● EXERCISE DETAILS
Only the lines below from the one containing "元々あった壁をなくし、開放的" through the one containing "The first stop" belong in the answer, set down exactly, with the pictures left out.

● RAW DATA
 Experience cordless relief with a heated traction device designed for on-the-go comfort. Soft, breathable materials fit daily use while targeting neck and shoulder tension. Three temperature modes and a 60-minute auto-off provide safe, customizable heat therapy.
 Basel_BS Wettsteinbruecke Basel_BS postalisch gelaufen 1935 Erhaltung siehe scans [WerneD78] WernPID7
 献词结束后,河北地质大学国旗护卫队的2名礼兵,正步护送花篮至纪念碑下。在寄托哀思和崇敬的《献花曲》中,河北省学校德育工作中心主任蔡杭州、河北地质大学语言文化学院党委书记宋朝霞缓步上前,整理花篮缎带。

---

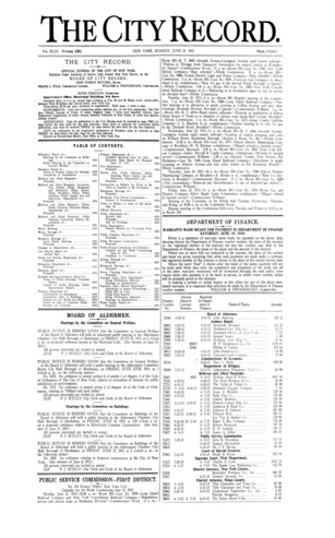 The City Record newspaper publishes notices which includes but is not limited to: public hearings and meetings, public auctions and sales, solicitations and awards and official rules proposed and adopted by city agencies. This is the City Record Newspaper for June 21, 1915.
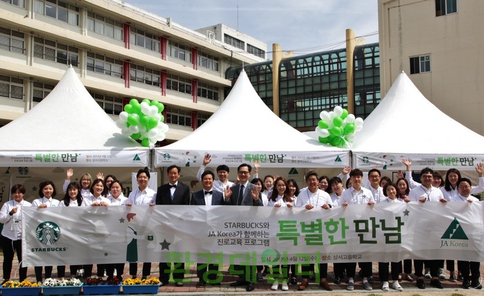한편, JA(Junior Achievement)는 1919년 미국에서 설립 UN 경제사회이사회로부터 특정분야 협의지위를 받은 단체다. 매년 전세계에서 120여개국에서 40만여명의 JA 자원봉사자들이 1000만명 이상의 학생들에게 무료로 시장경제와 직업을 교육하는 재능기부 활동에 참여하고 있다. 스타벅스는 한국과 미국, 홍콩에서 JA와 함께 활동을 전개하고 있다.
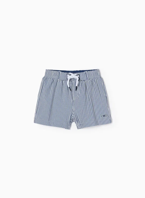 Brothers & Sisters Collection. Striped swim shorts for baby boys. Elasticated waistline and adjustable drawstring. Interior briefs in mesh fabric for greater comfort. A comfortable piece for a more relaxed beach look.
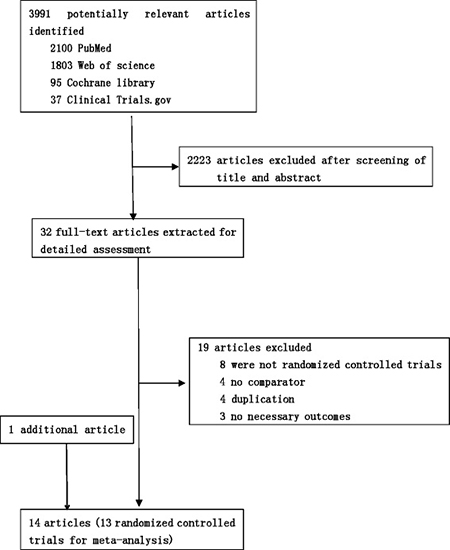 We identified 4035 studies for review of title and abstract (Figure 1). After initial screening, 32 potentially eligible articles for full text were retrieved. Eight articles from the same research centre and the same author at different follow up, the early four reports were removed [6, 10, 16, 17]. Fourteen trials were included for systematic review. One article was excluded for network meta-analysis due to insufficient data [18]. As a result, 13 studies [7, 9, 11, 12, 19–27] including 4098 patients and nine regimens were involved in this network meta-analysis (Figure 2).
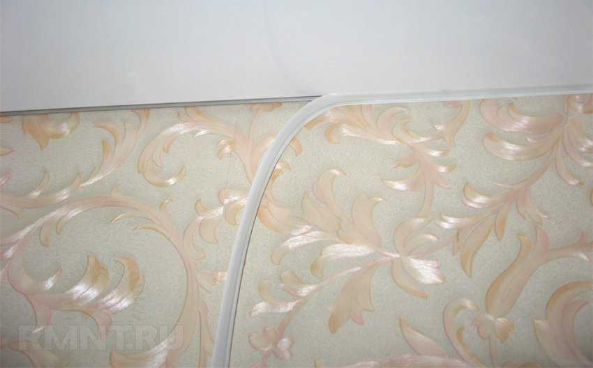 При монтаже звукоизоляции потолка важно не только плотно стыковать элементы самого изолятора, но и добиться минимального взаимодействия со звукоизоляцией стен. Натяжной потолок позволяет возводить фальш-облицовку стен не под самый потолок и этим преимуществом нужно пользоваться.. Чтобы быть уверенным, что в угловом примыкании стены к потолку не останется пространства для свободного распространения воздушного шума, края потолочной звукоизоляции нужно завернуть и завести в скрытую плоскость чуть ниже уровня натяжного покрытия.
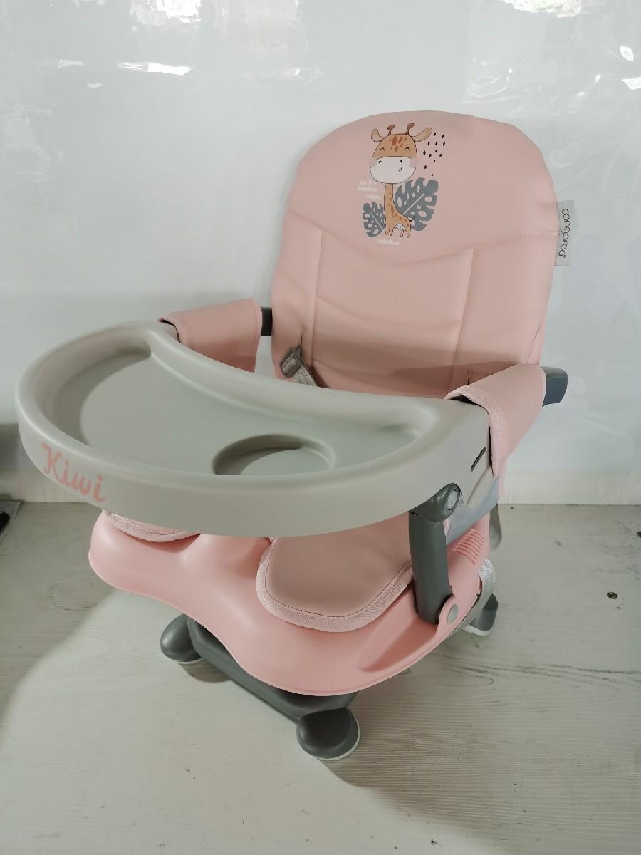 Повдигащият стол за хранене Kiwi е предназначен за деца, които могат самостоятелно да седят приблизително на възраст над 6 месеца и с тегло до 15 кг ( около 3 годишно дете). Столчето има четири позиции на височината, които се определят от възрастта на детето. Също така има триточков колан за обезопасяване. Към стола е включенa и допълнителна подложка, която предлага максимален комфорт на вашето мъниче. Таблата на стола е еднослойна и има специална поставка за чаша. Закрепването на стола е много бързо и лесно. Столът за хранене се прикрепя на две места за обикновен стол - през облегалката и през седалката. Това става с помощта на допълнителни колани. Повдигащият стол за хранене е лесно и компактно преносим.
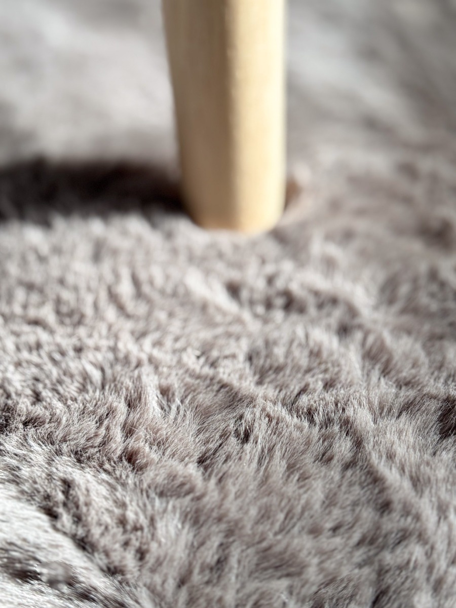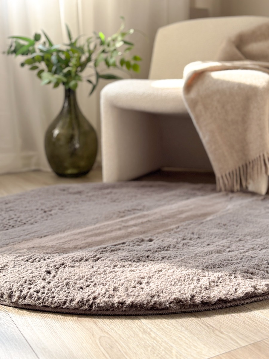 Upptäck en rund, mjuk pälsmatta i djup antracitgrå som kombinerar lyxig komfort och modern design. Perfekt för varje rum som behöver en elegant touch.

---

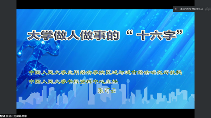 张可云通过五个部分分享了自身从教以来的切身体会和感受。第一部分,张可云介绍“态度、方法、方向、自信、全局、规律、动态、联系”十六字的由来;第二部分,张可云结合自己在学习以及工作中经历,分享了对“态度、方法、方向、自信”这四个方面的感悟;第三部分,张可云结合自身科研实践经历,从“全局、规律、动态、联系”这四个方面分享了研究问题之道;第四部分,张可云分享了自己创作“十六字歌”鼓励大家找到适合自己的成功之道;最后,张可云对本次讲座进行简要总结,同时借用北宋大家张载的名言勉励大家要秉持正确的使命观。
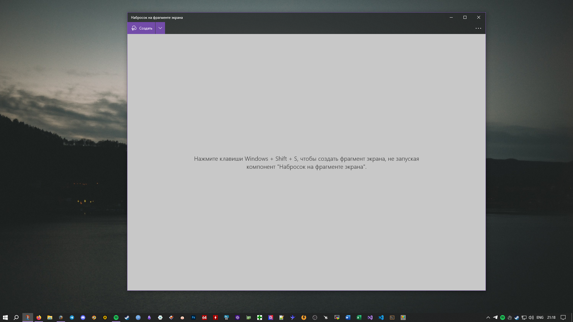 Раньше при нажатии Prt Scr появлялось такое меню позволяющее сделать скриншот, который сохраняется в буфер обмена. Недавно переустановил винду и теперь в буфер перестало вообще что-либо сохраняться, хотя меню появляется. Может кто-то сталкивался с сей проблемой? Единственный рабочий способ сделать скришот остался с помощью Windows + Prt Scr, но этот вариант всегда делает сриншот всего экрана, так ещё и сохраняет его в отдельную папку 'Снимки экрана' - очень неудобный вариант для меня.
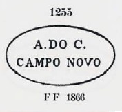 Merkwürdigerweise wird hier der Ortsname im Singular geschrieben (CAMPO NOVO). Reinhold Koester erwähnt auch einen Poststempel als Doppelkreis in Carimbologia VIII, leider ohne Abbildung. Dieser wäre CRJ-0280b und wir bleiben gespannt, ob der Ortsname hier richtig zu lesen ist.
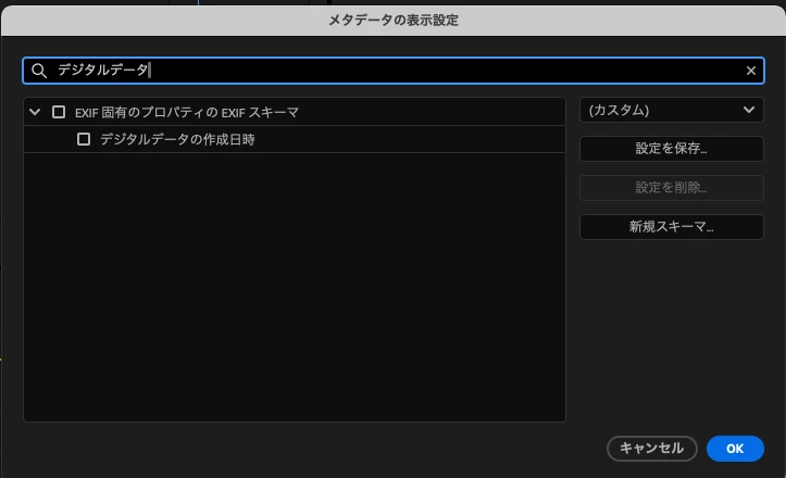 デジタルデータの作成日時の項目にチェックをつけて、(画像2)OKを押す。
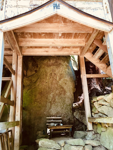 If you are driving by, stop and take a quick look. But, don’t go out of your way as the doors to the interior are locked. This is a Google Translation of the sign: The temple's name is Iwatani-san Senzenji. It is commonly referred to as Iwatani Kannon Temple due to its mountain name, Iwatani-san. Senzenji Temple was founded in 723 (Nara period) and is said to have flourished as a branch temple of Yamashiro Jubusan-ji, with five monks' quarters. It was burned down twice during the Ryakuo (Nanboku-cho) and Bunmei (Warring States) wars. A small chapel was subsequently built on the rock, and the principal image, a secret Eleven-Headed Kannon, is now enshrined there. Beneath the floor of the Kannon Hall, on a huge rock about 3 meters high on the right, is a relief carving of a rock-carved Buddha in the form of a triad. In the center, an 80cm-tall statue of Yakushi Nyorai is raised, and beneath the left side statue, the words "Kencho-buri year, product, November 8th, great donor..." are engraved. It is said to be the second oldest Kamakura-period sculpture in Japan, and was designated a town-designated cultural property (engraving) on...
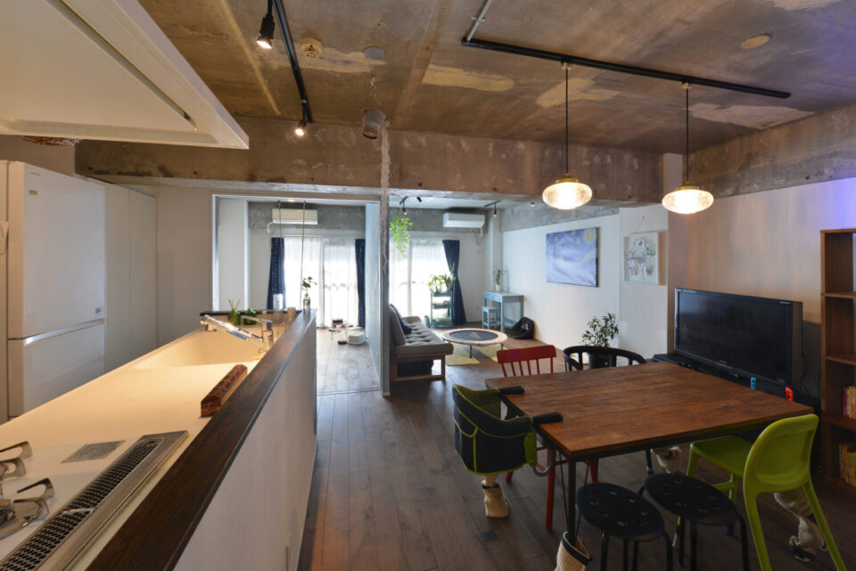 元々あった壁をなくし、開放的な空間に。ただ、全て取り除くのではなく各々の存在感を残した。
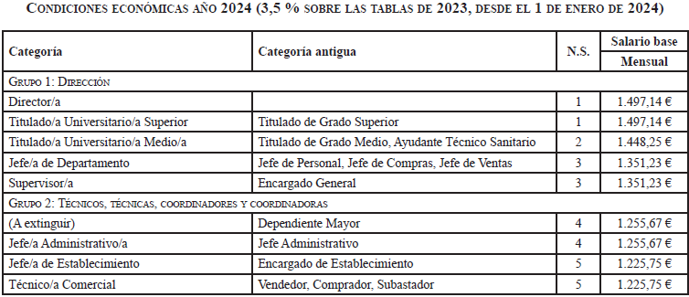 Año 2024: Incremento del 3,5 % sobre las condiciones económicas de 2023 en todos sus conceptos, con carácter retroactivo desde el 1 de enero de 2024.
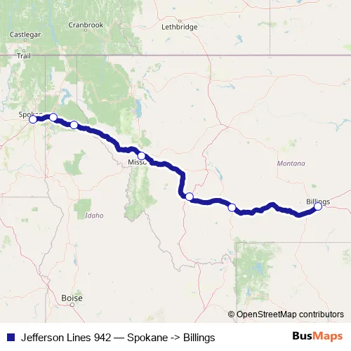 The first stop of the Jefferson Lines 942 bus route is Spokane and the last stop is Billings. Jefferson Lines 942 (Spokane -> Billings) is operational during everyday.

● SOLUTION FOR THIS PROBLEM
 元々あった壁をなくし、開放的な空間に。ただ、全て取り除くのではなく各々の存在感を残した。
 Año 2024: Incremento del 3,5 % sobre las condiciones económicas de 2023 en todos sus conceptos, con carácter retroactivo desde el 1 de enero de 2024.
 The first stop of the Jefferson Lines 942 bus route is Spokane and the last stop is Billings. Jefferson Lines 942 (Spokane -> Billings) is operational during everyday.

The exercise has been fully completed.